The exact base rejects the same large Keras 3 shape with max_file_read_size_exceeded and exit 2. This PR therefore changes a fail-closed result into a clean false negative on loader-consumed paths.

This validates the newest live P1 thread, “Scan all Keras 3 vars roots before lifting size cap.” It is not fixed at the requested head.

Required fix: derive all proven Keras 3 loader-consumed saveable roots under a bounded ownership strategy, at minimum root /vars and /optimizer/vars, and test ExternalLink, external storage, external VDS, same-file VDS, mixed VDS, truncation, and clean controls for each independently reachable root.

P1 — Oversized name metadata remains native-memory-unbounded

Affected control: modelaudit/scanners/keras_h5_scanner.py:1075-1115.

Commit f9444f6 correctly avoids attrs[name] and Python list conversion after the dataspace/storage checks. However, the helper first performs attribute membership and attrs.get_id. With dense fixed-width attributes, the native HDF5/h5py layer allocates memory proportional to the encoded attribute before the code can reject its point count or storage size.

Exact-head isolated subprocess measurements for valid HDF5 files sparsely inflated to 536,871,936 bytes:

layer_names elements	Encoded attribute bytes	Exact-head max RSS
500,000	16,000,000	107,921,408
1,000,000	32,000,000	140,296,192
2,000,000	64,000,000	203,456,512
4,000,000	128,000,000	330,956,800

For the 64 MiB attribute, exact base stayed at 75,464,704 bytes because it rejected before h5py metadata access; exact head reached 202,866,688 bytes. A component probe placed h5py.File open near 39 MiB but attribute membership/get-id near 167 MiB, proving the residual growth occurs before Python decoding.

The scan now returns inconclusive rather than materializing the full Python array, which is an improvement, but a sufficiently large attribute can still OOM a worker. The production behavior is not bounded by the advertised 10 MiB/4,096-item limits.

The added regression at tests/scanners/test_keras_h5_scanner.py:980-1015 uses a tiny two-element attribute and monkeypatches AttributeManager.getitem. It proves only that Python-level conversion is skipped; it cannot detect native allocation during membership/get_id.

This prior P1 blocker is partially addressed but remains merge-blocking.

Required fix: retain a conservative cap, inspect risky HDF5 parsing in a hard memory-limited subprocess, or add a pre-h5py mechanism that can reject oversized attribute storage without opening it through the allocating native path. Add a real dense-attribute RSS/memory-limit regression.

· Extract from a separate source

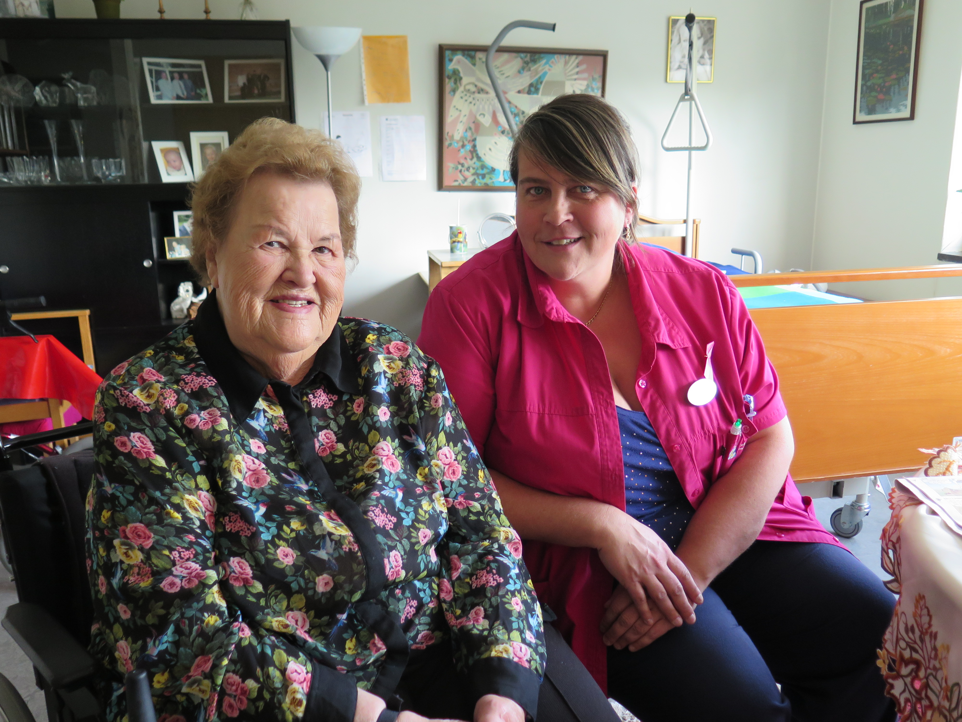 Carina Larsson är en av dem, och hon har jobbat där i snart 30 år. Inne i Ingrid Karlssons lilla lägenhet kollar de på bilder från en utflykt några veckor tidigare.

P2 — Same-file VDS is falsely reported as CVE-2026-1669

Affected control: modelaudit/scanners/keras_h5_scanner.py:1271-1313.

record_virtual_dataset_sources increments external_reference_count for every virtual dataset before checking source filenames. HDF5 filename . means the virtual source is in the same file and does not cross the external-file boundary.

A 536,871,936-byte Keras HDF5 with model_weights/dense/kernel mapped to VirtualSource(".", "/source") produced:

one CVE-2026-1669 issue;
evidence identifying filename "." and path "/source";
aggregate exit 1.

An equivalent mapping to external.h5 also produced exit 1, as expected. The unchanged Keras ZIP implementation already has the correct distinction at modelaudit/scanners/keras_zip_scanner.py:3724-3727: it skips source_filename == "." before incrementing the external count.

This validates the newest live P2 thread, “Ignore same-file virtual dataset sources.”

Required fix: filter same-file VDS mappings before counting or reporting external sources, keep the dataset clean when all mappings are same-file, preserve external findings for mixed mappings, and fail closed if the bounded source walk cannot determine whether unvisited mappings are external.

P3 validation gap — pinned real Hugging Face QA is still incomplete

Affected tests: tests/scanners/test_keras_h5_scanner.py:1018-1055.

The XLM-R test is stronger than the prior head: it now asserts exact root keys, exact root attributes, bounded layer_names decoding, and layer_names == ["roberta"]. That closes the prior concern that a generic HDF5 pass alone could satisfy the test.

Two requested pieces are still absent at exact head:

no immutable SHA-256/Xet digest assertion exists for the downloaded XLM-R artifact;
there is no facebook/esm2_t33_650M_UR50D test anywhere in the file, despite the live PR request and a connector comment claiming that it was added.

The connector comment references commit 7290161f9927df61c2422d6992ac3c6cb66dee66, but that commit is not in the exact four-commit PR head. The current branch contains only e8da917, 9ece3b1, f9444f6, and 14c0248.

The opt-in XLM-R test was skipped locally because no cached 2.24 GB artifact was present and huggingface.co is unavailable from this environment. This gap does not supersede the reproduced source bugs above, but it means realistic multi-GB Hugging Face compatibility is not independently closed.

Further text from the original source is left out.